Fri Sep 26, 2003 10:53 am

Caetravlr:

U-South Carolina (y'know, it's older than U-Southern California, I should be able to call it USC...) is where my dad got his doctorate. Its graduate program is fairly well regarded.

Back to the Topic:

The top MBA schools in the country are largely the usual suspects: U-Penn (Wharton School), Northwestern (#1 in Marketing), Harvard, Dartmouth, UCLA, and the like. Getting an MBA from any of these programs gets you into the "good old boys" network. As in, you go for a job interview, and the person interviewing you went to the same top-level school you went to. He's more favorable to students from that school. So you're only competing against the other guys you went to school with.
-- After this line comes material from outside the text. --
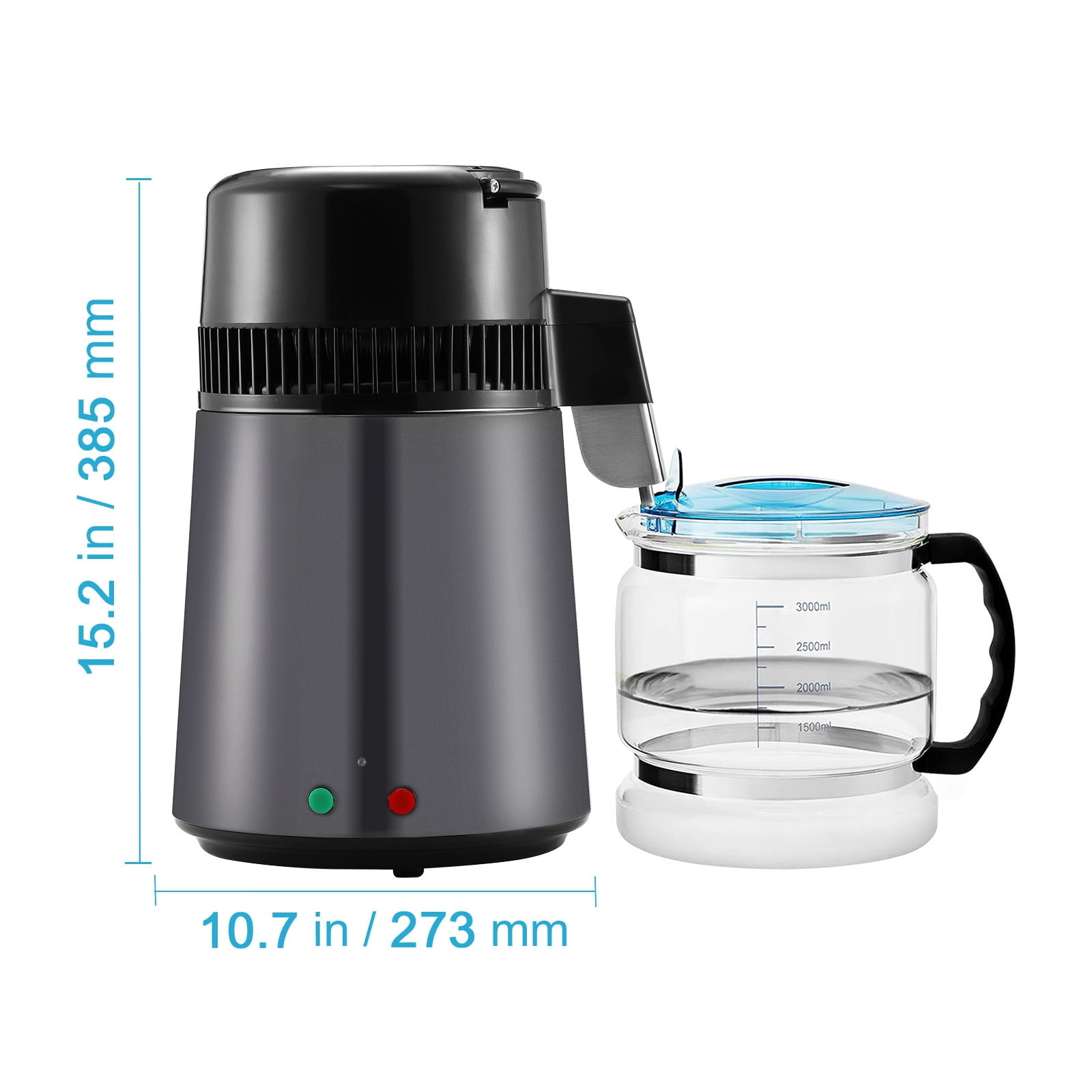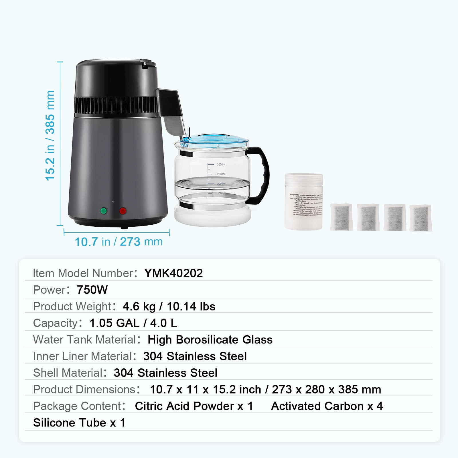 Product Description Premium Water Distiller The 750W water distiller yields over 0.26GAL/1L of water per hour, with the capacity to distill 6.3GAL/24L daily. Constructed from food-grade 304 stainless steel, it safeguards your health and ensures a consistent supply of distilled water. High Efficiency The 750W water distiller yields over 0.26GAL/1L of water per hour, with the capacity to distill 6.3GAL/24L daily. Easy to Change With simple replacement steps, the included activated carbon packs can be used as substitutes. Regular replacement is recommended to maintain the taste of your water. Food Grade Material The carafe is made of food-grade glass, BPA-free, characterized by its thickness and longevity. It meets food hygiene standards, delivering pure and clean drinking water to you. Wide Application The water distiller efficiently removes most contaminants from tap water and can be used for daily drinking water, coffee, baby formula preparation, skincare, cooking, humidifier water, CPAP machines, aquariums, and more. Fine Results With distillation and activated carbon dual filtration, it eliminates most impurities in tap water, such as VOCs, dissolved solids, and nearly all other pollutants, providing clean and healthy drinking water. Easy to Use Easy operation with the green button to start and the red button to stop. Use the reset button during distillation – no plugging or unplugging needed. It also features an over-temperature automatic protection function. Specifications Item Model Number: YMK40202 Power: 750W Capacity: 1.05 GAL / 4.0 L Water Tank Material: High Borosilicate Glass Inner Liner Material: 304 Stainless Steel Shell Material: 304 Stainless Steel Product Weight: 4.6kg / 10.14 lbs Package Content 1 x Water Distiller 1 x Citric Acid Powder 3 x Activated Carbon 1 x Silicone Tube

My personal plan is to go to Northwestern since they have a 1-year crash program and are rated #1 in Marketing. I'm focusing in Marketing and specifically in transportation, logistics, and supply chain management (which could be considered either Marketing or Management).

Any MBA program is going to be analytical. CPA and Finance degrees help. Economics less so, since it's less quantitative. Marketing and Management are also good undergraduate courses of study, but won't have the major background in number-crunching. But for the love of God, don't major in Art History and expect to be taken seriously when applying to an MBA program.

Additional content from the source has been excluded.